(Exercise instructions) Find the line below with "智能驾乘控制系统研发生产项目(一期)监理招标公告". Print it and every line after it exactly, through the last line, leaving out the pictures.
*** Source material ***
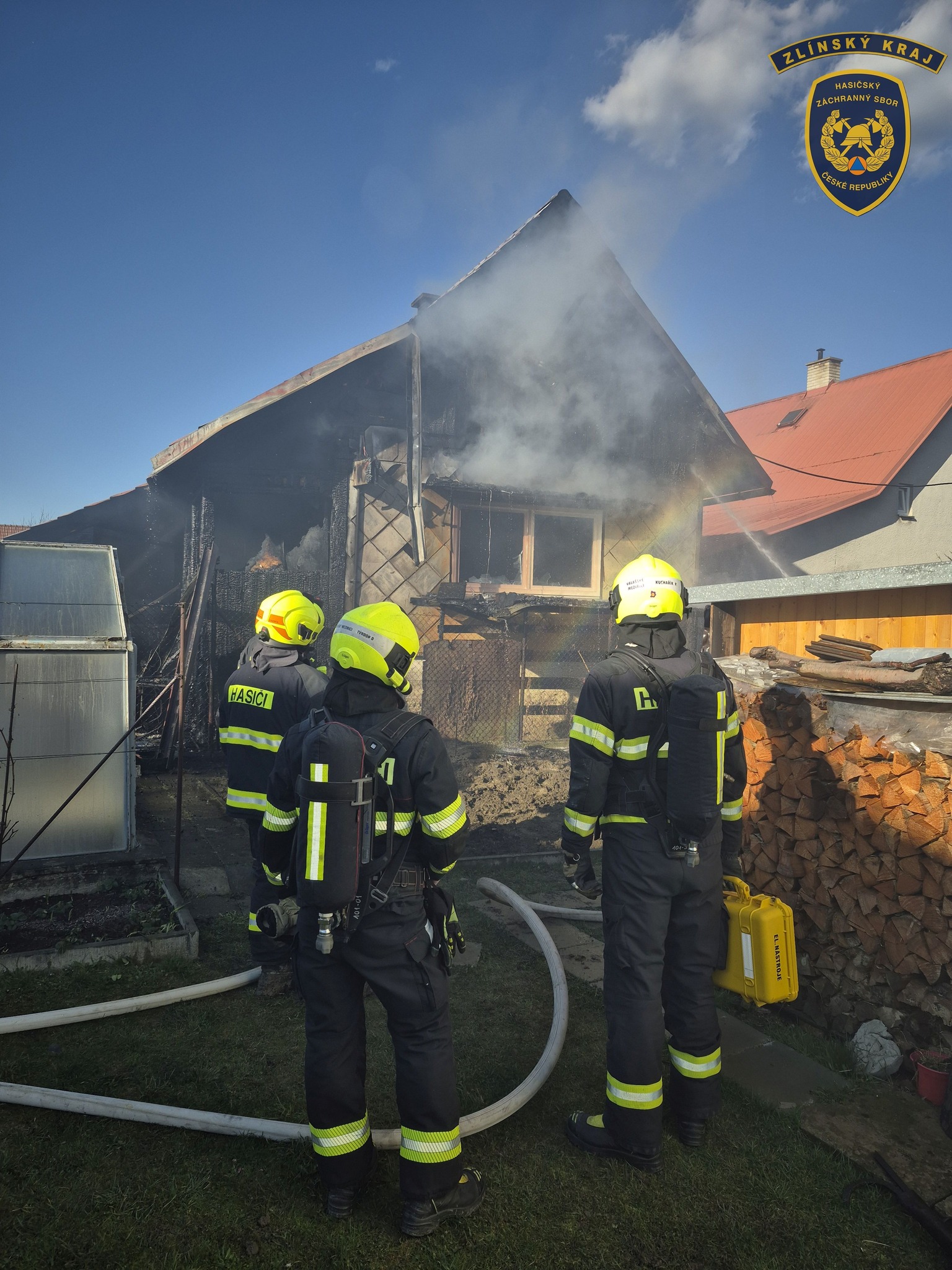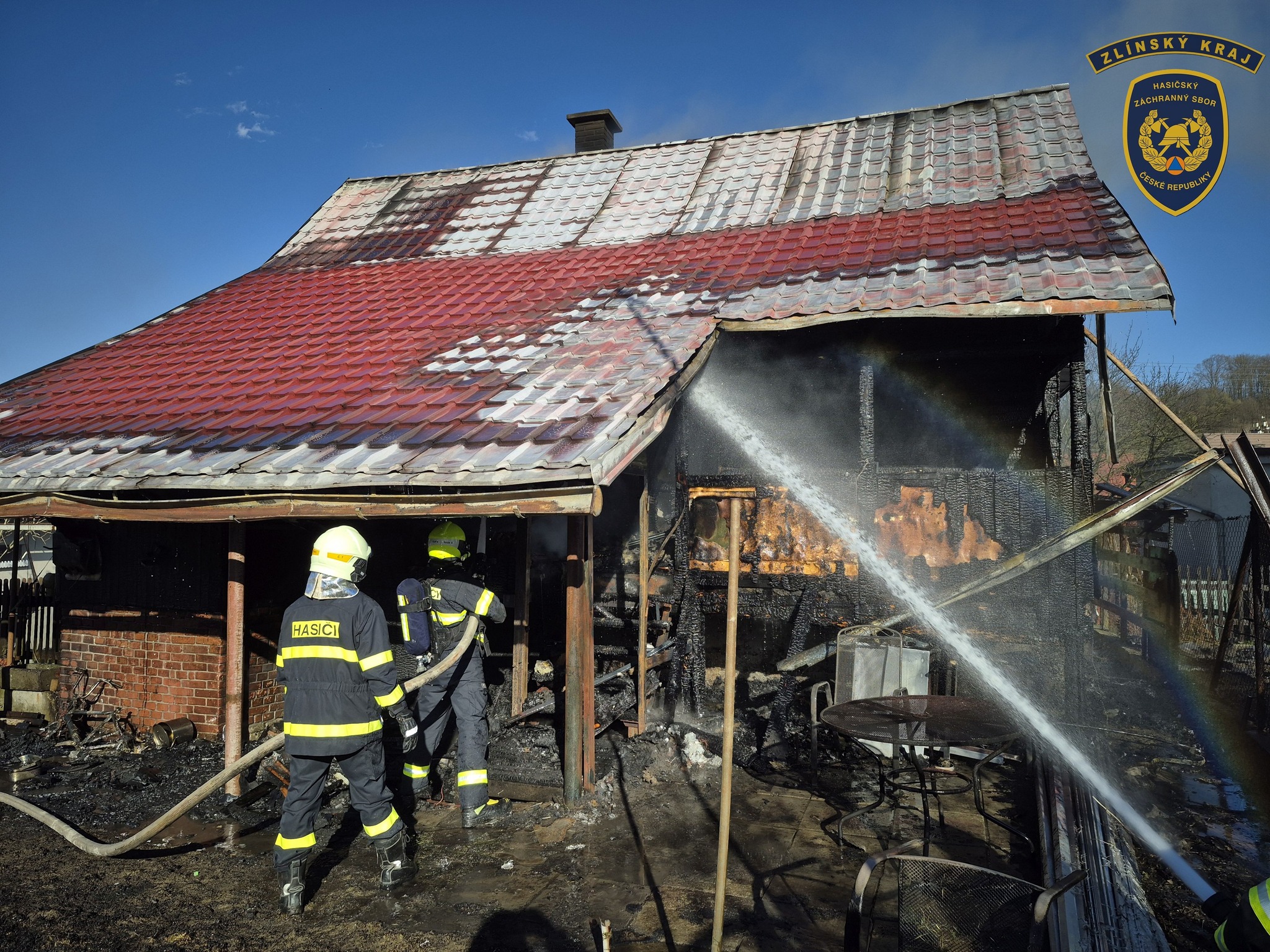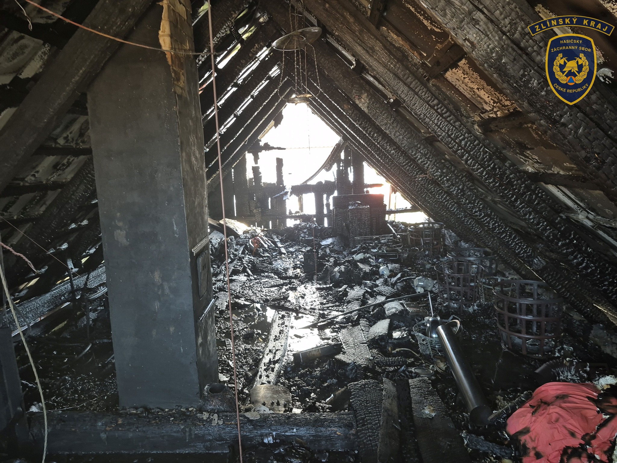 Požár střechy opuštěného domu v Leskovci likvidovalo pět jednotek hasičů. Foto: HZS ZK
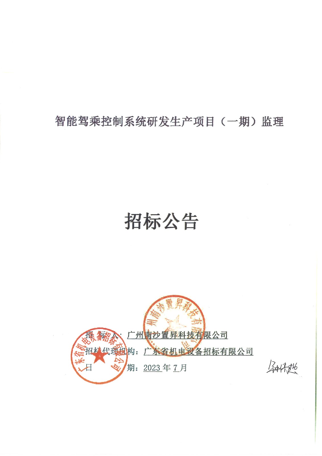 智能驾乘控制系统研发生产项目(一期)监理招标公告
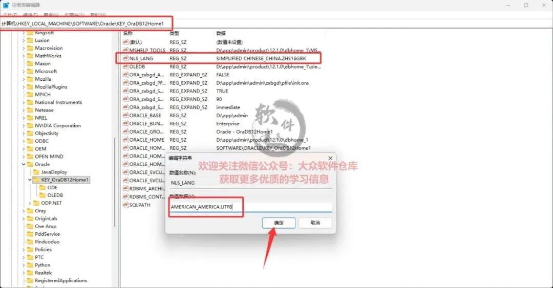37.修改“HKEY_LOCAL_MACHINE\SOFTWARE\Oracle\KEY_OraDB12Home1” 路径下的”NLS_LANG”的键值。双击打开编辑窗口,数值数据栏输入“AMERICAN_AMERICA.UTF8”;
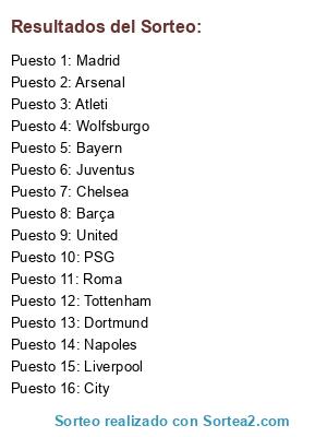 Lista de participantes: Madrid, Barça, Atleti, Bayern, Dortmund, City, United, Tottenham, Liverpool, Arsenal, Wolfsburgo, Juventus, Roma, Napoles, PSG, Chelsea.
*** End of Source material ***
(Result of the task)
 智能驾乘控制系统研发生产项目(一期)监理招标公告
37.修改“HKEY_LOCAL_MACHINE\SOFTWARE\Oracle\KEY_OraDB12Home1” 路径下的”NLS_LANG”的键值。双击打开编辑窗口,数值数据栏输入“AMERICAN_AMERICA.UTF8”;
 Lista de participantes: Madrid, Barça, Atleti, Bayern, Dortmund, City, United, Tottenham, Liverpool, Arsenal, Wolfsburgo, Juventus, Roma, Napoles, PSG, Chelsea.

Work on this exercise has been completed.